Дегре подумал, что сознание несчастной помутилось, и снова с жаром призвал ее сказать ему правду, по меньшей мере, дать ему, повторил он, какое – нибудь имя или зацепку. Он видел, что она отчаянно желает ответить, даже рискуя тем, что это отнимет ее последние силы. Ее глаза выражали муку, и она сделала судорожное дрожащее движение к нему, но тщетно. Он почувствовал, как ее худенькое тело расслабилось на подушке, которую он поддерживал. Она произнесла еще только одно слово, но бесполезное, это было название цветка – пинк[1] – гвоздика.

Молодой человек положил мадемуазель Жакетту обратно на кровать. Ее отец, который, не имея возможности подслушать, внимательно наблюдал их разговор, вышел из полумрака у окна и приблизился своей кошачьей походкой.

– Вы видите, месье, – вздохнул он, – она мертва.

– И дело полиции – найти того, кто ее убил, – ответил Шарль Дегре, внимательно взглянув на него снизу.

– Надеюсь, что вы его найдете, – произнес аптекарь, кажется, с искренним сожалением. – Она была моим единственным ребенком и была мне очень дорога.

Он склонился над дочерью, сложил ее руки на груди, закрыл ее глаза и неловкими нежными движениями пригладил ее спутанные черные волосы.

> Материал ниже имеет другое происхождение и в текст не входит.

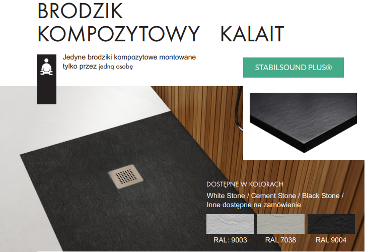 KALAIT BLACK STONE to nowoczesne brodziki wzorowane na ponadczasowej geometrii, których znakiem rozpoznawczym jest niesamowicie intrygująca w dotyku struktura przypominająca do złudzenia kamień. Kamień kojarzy się z wytrzymałością, elegancją i ponadczasowością sam w sobie z natury jest ciężki i zimny, ale dzięki nowoczesnej technologii marki SCHEDPOL mamy do czynienia z kamieniem w innym wydaniu :) A konkretnie materiał z którego wykonany jest brodzik KALAIT jest wytrzymały jak kamień, jego struktura przypomina kamień, ale konstrukcja jest stosunkowo lekka i co ważne brodzik doskonale przewodzi ciepło, dzięki czemu kontakt ze skórą stóp jest przyjemny :)   Brak klasycznych rantów przekłada się na niezwykle przestrzenną i czystą formę strefy kąpielowej, a odpowiednie spady konstrukcyjne zapewniają sprawny odpływ wody. Brodziki dają możliwość montażu „wpuszczanego”, dzięki czemu eliminują próg na wejściu do strefy prysznicowej. Seria KALAIT BLACK STONE tak jak zaznaczone było wcześniej, posiada matową powierzchnię o strukturze, naturalnego kamienia w kolorze pięknej wręcz mrocznej czerni odcień - RAL 9004. Czarny jest to kolor, który zawsze ciekawi i ma w sobie coś takiego, że przyciąga uwagę. Kolor ten stał się bardzo chętnie wybieranym kolorem w aranżacjach, a sanitariaty w tym odcieniu to ciekawy akcent, który zmienia cały wystrój i wprowadza niepowtarzalny klimat :) Zaledwie 3,5 cm wysokości całkowitej oraz minimalistyczne wzornictwo efektownie akcentują strefę prysznica, zdobiąc wnętrze w nietuzinkowy sposób. Powierzchnia „BLACK Stone” jest niezwykle trwała, do tego posiada właściwości Easy to Clean® oraz Antibac®. Płytkość brodzików sprawia, iż pasują one doskonale do nowoczesnych wnętrz. Projektanci tworząc tą prezentowaną serię brodzików kierowali się ekskluzywnym designem połączonym z łatwością montażu i pełnym zadowoleniem użytkownika :) Prezentowana linia  z niesamowicie odporną na zanieczyszczenia maskownicą wykonaną ze stali nierdzewnej to model reprezentujący grupę brodzików, które będą doskonałym wyborem do każdego typu łazienki :) Brodziki o strukturze kamienia doskonale zaprezentują się w klasycznej aranżacji, a w nowoczesnym salonie kąpielowym będą dosłownie "kropeczką nad literką i". Tak nietuzinkowe brodziki  zostały stworzone dla ludzi, którzy stawiają na jakość, i ekstrawagancję, nie bojąc się odważnych aranżacji i rewolucyjnych rozwiązań :) Designerskie brodziki KALAIT BLACK STONE wykonano z wysokogatunkowego wielowarstwowego kompozytu Stonicryl® wzmacniającego konstrukcyjnie dno i ranty brodzika, z matowym efektem mineralnym (kamienista struktura powierzchni). Co istotne - brodziki są bezpieczne dla zdrowia i środowiska, tj. wolne od FCKW, czyli nie zawierają freonów, które niszczą warstwę ozonową, a tym samym przyczyniają się do globalnego ocieplenia klimatu. Brodziki z podbudową STABILSOUND PLUS® wyróżnia nie tylko zintegrowana forma, ale również wysoka wytrzymałość brodzika na nacisk i na uszkodzenia mechaniczne :) Zastosowane technologie doskonale zabezpieczają powierzchnię przed uszkodzeniami mechanicznymi oraz mają zastosowanie wygłuszające i termoizolacyjne. Wysokiej jakości kompozyt jest bardzo trwały oraz doskonale przewodzi ciepło, co sprawia dodatkowe poczucie przyjemności podczas kąpieli pod prysznicem, gdyż powierzchnia brodzika jest ciepła co sprawia, że kontakt skóry stóp z powierzchnią brodzika jest naturalnym doznaniem :) Warto podkreślić, że ciekawa struktura kamienia sprawia, że powierzchnia nie będzie śliska  co sprawi większe poczucie bezpieczeństwa :) Kolejnym walorem brodzików KALAIT jest szybki i prosty montaż, który może wykonać samodzielnie jedna osoba.  Brodzik można zamontować bezprogowo (rozwiązanie to docenią wszyscy użytkownicy, a szczególnie seniorzy lub osoby z ograniczeniami ruchowymi). Powierzchnia o czarnej kamienistej strukturze (RAL 9004; klasa antypoślizgowa „A” zgodnie z DIN 51097) zapewnia komfort użytkowania i zmniejsza ryzyko upadków spowodowanych poślizgnięciem.  Seria ta idealnie wpasuje się do każdej przestrzeni łazienkowej ponieważ istnieje możliwość docięcia brodzika do odpowiedniego wymiaru. Warto pokusić się na produkt, który jest efektowny wizualnie i komfortowy w użytkowaniu :) Takim produktem jest właśnie linia KALAIT BLACK STONE  będącą częścią marki SCHEDPOL  :)

Умный и опытный наблюдатель, Дегре осматривался в комнате, ища что-нибудь, что могло бы ему помочь в этом деле, когда дверь вдруг стремительно распахнулась и вошла мадемуазель де Фонтанж. Потеря одной из любимых горничных при столь таинственных и ужасных обстоятельствах полностью обессилила ее. Она споткнулась у кровати и остановилась, плача, как ребенок, заламывая руки и кусая носовой платок, умоляя свою погибшую Жакетту взглянуть на нее, заговорить с ней – одно лишь слово, один взгляд!

– Мадемуазель, она умерла, – тихо и печально проговорил итальянский аптекарь и натянул простыню на лицо своей дочери. – Пусть покоится с миром. Вижу, что вы очень добры, – добавил он мягко, – раз вас так тронула судьба простой девушки.

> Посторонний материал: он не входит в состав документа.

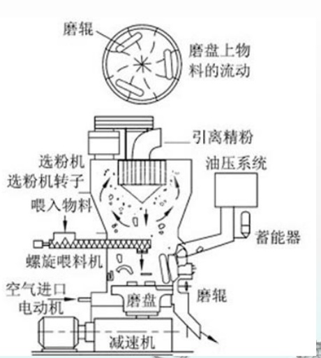 通過減速機帶動磨盤轉動,使磨盤中央的物料在離心力的作用下向邊緣勻速移動,經(jīng)過磨盤上的輥道時,受磨輥碾壓,大塊物料直接被壓碎,細物料受擠壓后形成料層,進行粒間粉碎。粉碎后的物料繼續(xù)向磨盤邊緣移動,直到被磨盤外圍的噴口環(huán)引導的強氣流向上帶走,進入主機上方的分級系統(tǒng)進行篩選分級;較粗的物料由于自身重力原因重新落回至磨盤內,進行再次碾磨。

Мадемуазель де Фонтанж как будто не расслышала этих слов, во всяком случае, не обратила на них внимания. Бросившись на расшитую постель, она легла белокурой головой на белое покрывало и зарыдала почти в истерике:

– Спаси меня, спаси меня! О, Господи, не позволь этому случиться со мной! Нет, нет, я уйду в монастырь, я уйду на край света!